Both cities make great bases for exploring the countryside. We did our Telica trip from Leon, while from Grenada, we visited Mombacho volcano, almost perpetually encased in a moist cloud forest, and Masaya volcano, one of few active volcanoes in the world to have a road right up to the crater rim.
The beach resort of San Juan del Sur is close to a turtle sanctuary and offers late-night guided tours. | Arlene & Robin Karpan photos
Just next to Masaya’s parking lot, we peered over the edge into the massive boiling cauldron. When Spanish conquistadors first saw this sight, they dubbed it the mouth of hell.

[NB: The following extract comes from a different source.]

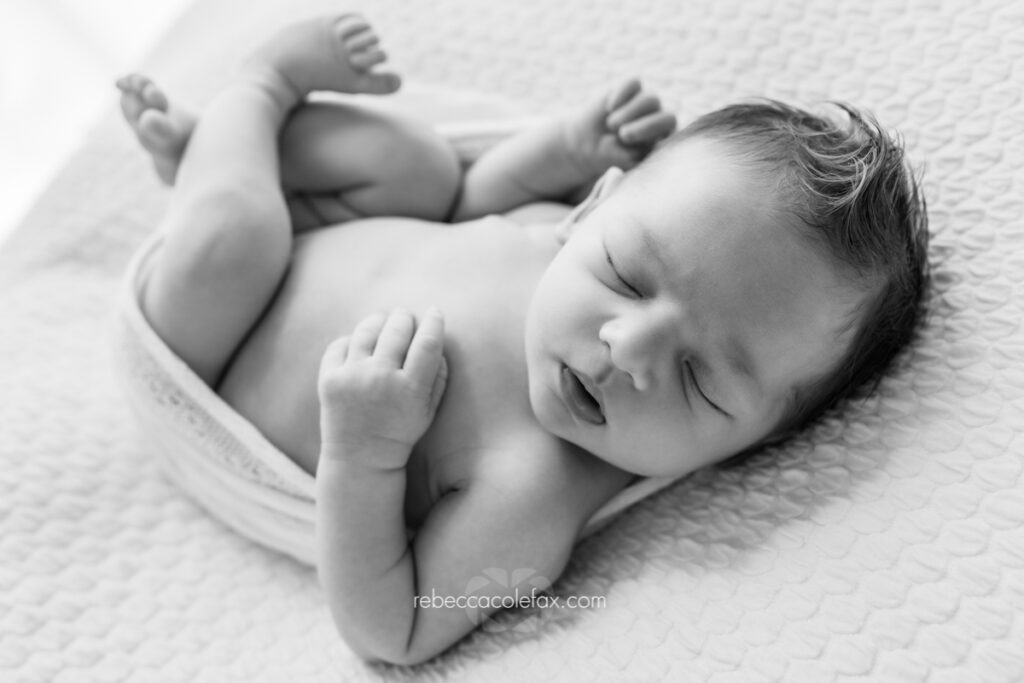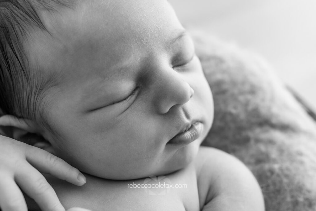 The black and white shots are not just a filter. The close ups of tiny fingers and profiles are not luck. Every frame is a deliberate decision made by someone who has photographed hundreds of newborns and knows exactly what they are doing.

Besides volcanoes, Nicaragua’s defining natural feature is massive Lake Nicaragua. We took a ferry to the largest island, Ometepe, which is hour glass shaped and dominated by two towering volcanoes.
Lightly populated, the island is a Biosphere Reserve, its natural forests home to monkeys and other creatures, black sand beaches and the unique Eye of the Water Spring, where crystal clear water forms a natural swimming pool, surrounded by jungle greenery.
Mostly, the island remains a pleasant getaway where life moves a bit slower.
Leon’s massive cathedral is a popular tourist attraction. | Arlene & Robin Karpan photos
One highlight of our visit wasn’t planned. We heard reports that Olive Ridley turtles were coming ashore by the thousands to nest, so we headed to San Juan del Sur on the Pacific coast. Most famous as a beach resort, the town is also close to a turtle sanctuary.
During nesting season, late-night guided tours are offered. We were only allowed flashlights with a dim red light that doesn’t disturb the turtles.
As each wave washed up onto the beach, more turtles would suddenly appear in the moonlight. The narrow beach soon became crowded with turtles trying to find the ideal spot to dig their nest.
It wasn’t unusual for a nearly metre-long giant to silently appear at our feet, totally oblivious to us. Laboriously, she scooped away the sand with her hind flippers and started laying eggs. She then covered the eggs with sand and headed back to sea.
It was a privilege to be in the midst of one of nature’s age-old rituals.